Sin embargo, a pesar de todos estos desarrollos, la cobertura de los mismos es escasa en EE. UU. y apenas hay conciencia de ellos entre la gente. En un reciente ensayo, analizábamos la Cumbre de Helsinki entre Trump y Putin, comentando la poca atención prestada a sus implicaciones para Siria. El punto de vista dominante en EEUU era, y sigue siendo, que su gobierno tiene que abstenerse, para bien o para mal, de intervenir en Siria. Por el contrario, nosotros sostuvimos que EE. UU. ha sido un actor central en la militarización del conflicto desde el principio. En la medida en que Idlib es la última versión de tan intensa militarización, EE. UU. está directamente implicado. De hecho, comparte la responsabilidad por todos los desastres de los últimos siete años y, en consecuencia, tiene la obligación de ayudar a resolver el conflicto y aliviar el sufrimiento en curso.

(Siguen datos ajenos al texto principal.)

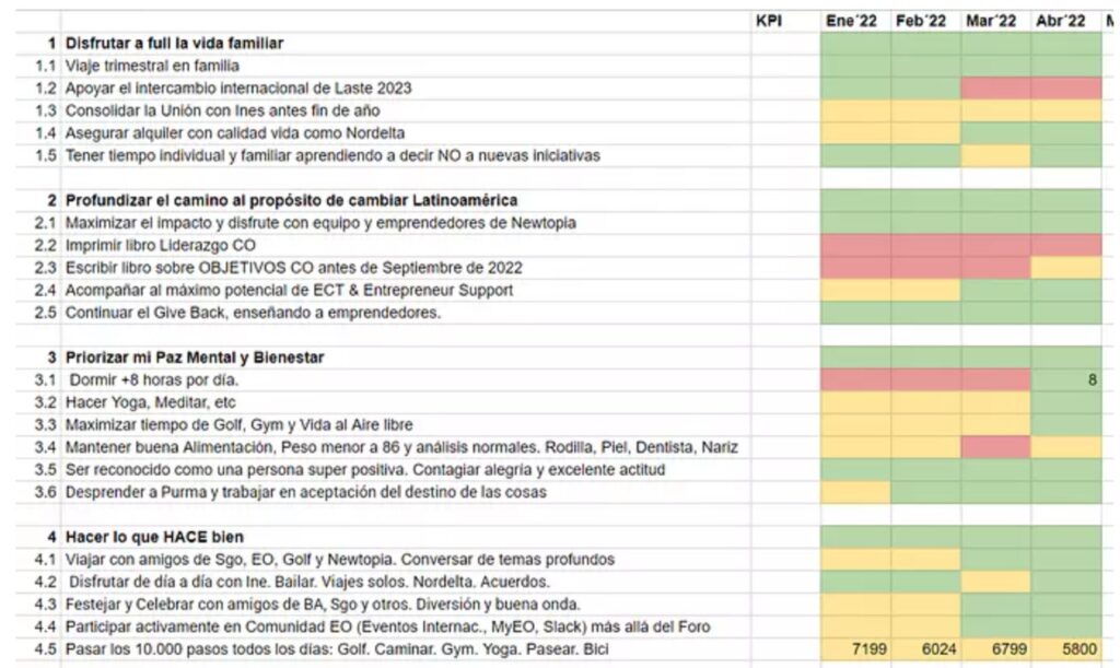 - Más Golf por las tardes. Aquí el objetivo es concreto y tiene el Key Result (KR) de superar los 10.000 pasos diarios

Proponíamos que para descargarse de esa obligación, Estados Unidos debería: 1) admitir un número significativo de refugiados sirios (sosteníamos que unos 400.000 en los próximos cuatro años); 2) proporcionar ayuda humanitaria sustancial a los desplazados en la región, así como ayuda para reconstruir Siria; 3) presionar por un acuerdo político inclusivo del conflicto, en lugar de considerar al país como un apoderado para la creciente confrontación con Irán o como una ficha a regatear con Rusia; y 4) reorientar la región como un todo iniciando el diálogo con Irán sobre futuras relaciones.

Hemos recibido críticas razonadas ante esa posición, tanto de nuestros supuestos como de nuestras conclusiones. Debido a la importancia política y moral de estos temas, nos sentimos agradecidos de tener la oportunidad de seguir reflexionando sobre estas complicadas cuestiones. Los últimos hechos que se han producido en Idlib subrayan lo esencial que resulta mantener una conversación sincera sobre la guerra y confiamos en que nuestras aportaciones ayuden a ir avanzando en tal diálogo.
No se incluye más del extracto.